Set in Sydney, we meet two sets of siblings, Zoe and Russell, a wealthy pair whose lives are brimming with possibility and then Stephen and Anna, who are from a lower class and recently orphaned. We follow the four characters through a few decades of their lives. Despite their best efforts their paths cross and crisscross again and again. Zoe and Russell both leave for Europe, but eventually find themselves back in Sydney. Anna and Stephen must work to make ends meet, their options much more limited because of their situations. 

The book has a distant feel that radiates from every page.
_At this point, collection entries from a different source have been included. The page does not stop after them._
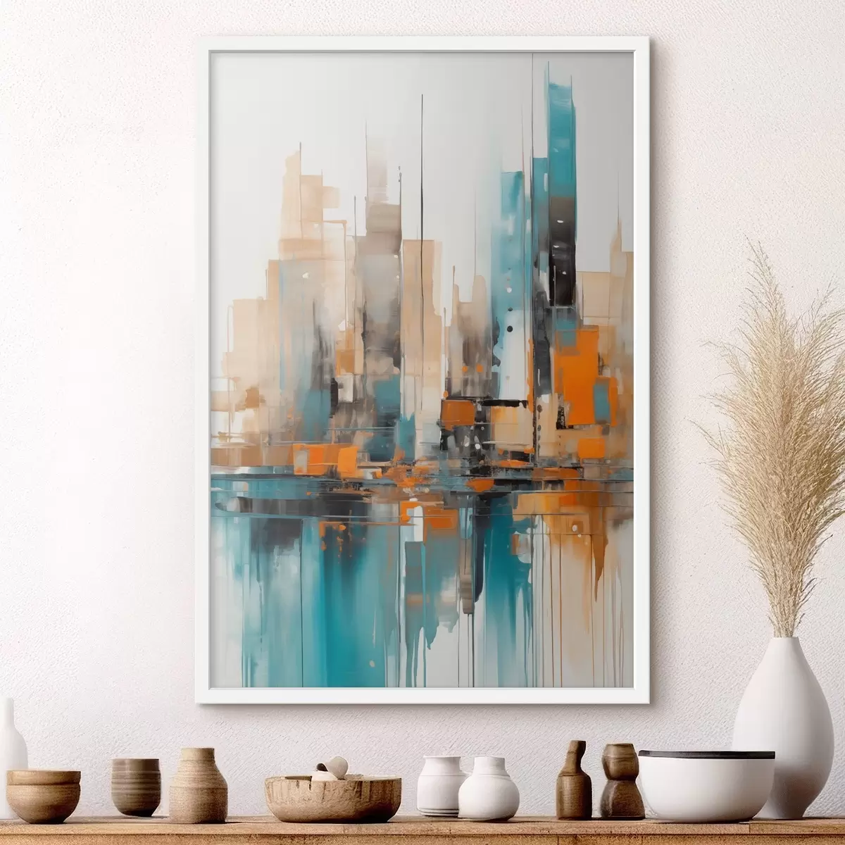 Poster Paisaje urbano abstracto con pinceladas verticales en naranja, verde azulado y marrón, y formas geométricas f46266
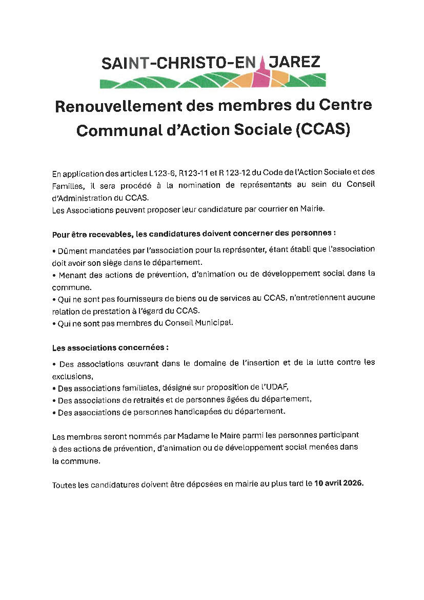 Renouvellement des membres du Centre Communal d'action Sociale (CCAS)
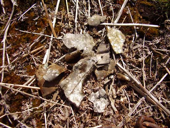 I visited the crash site in July 2006 locating a number of small fragments of the Meteor at the site. The general area of the crash is frequently used by young arsonists to practice their skills and was left bare of all vegetation in 2006. I returned a year later (when the photograph shown above was taken) and again in 2017.
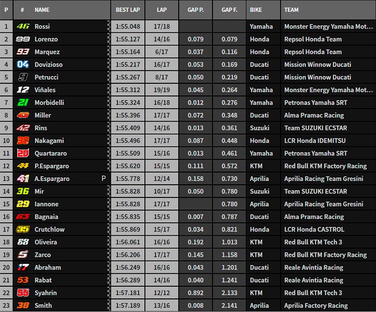 La igualdad en este primer libre de Losail ha sido máxima tal y como demuestra la tabla de tiempos: hay que irse hasta el puesto 17, donde aparece Cal Crutchlow, para encontrar al último piloto situado a menos de un segundo del crono de Valentino Rossi.

Even when I was reading about what a character was thinking I still didn’t feel like I understood why they felt that way. It was also odd that all the major action of the book, falling in love, weddings, death, etc. seems to happen off screen. All we see as the reader is the aftermath and the quiet reflection of the decisions. That’s not always a bad thing, but in this case it just felt like you were missing crucial parts of the story.

BOTTOM LINE: Some of the writing was beautiful and profound, but the stiff nature of the novel left me feeling cold. I wished I’d had the chance to get to know the characters better. I felt like I was never welcome into their certain circles. 

“When you head anyone rave on about the problems of youth, you want to say: wait till they’re adults! As if “growing up” finished when you were twenty-one. Or forty.”
“Social behavior was just another way of telling lies.” 
“She wrote: I wish –  And crossed it out. She wrote: I hope –  And crossed it out. She wrote in very small letters, as though she meant to hide them even from herself: Goodbye.” 

**I received a review copy for an honest review.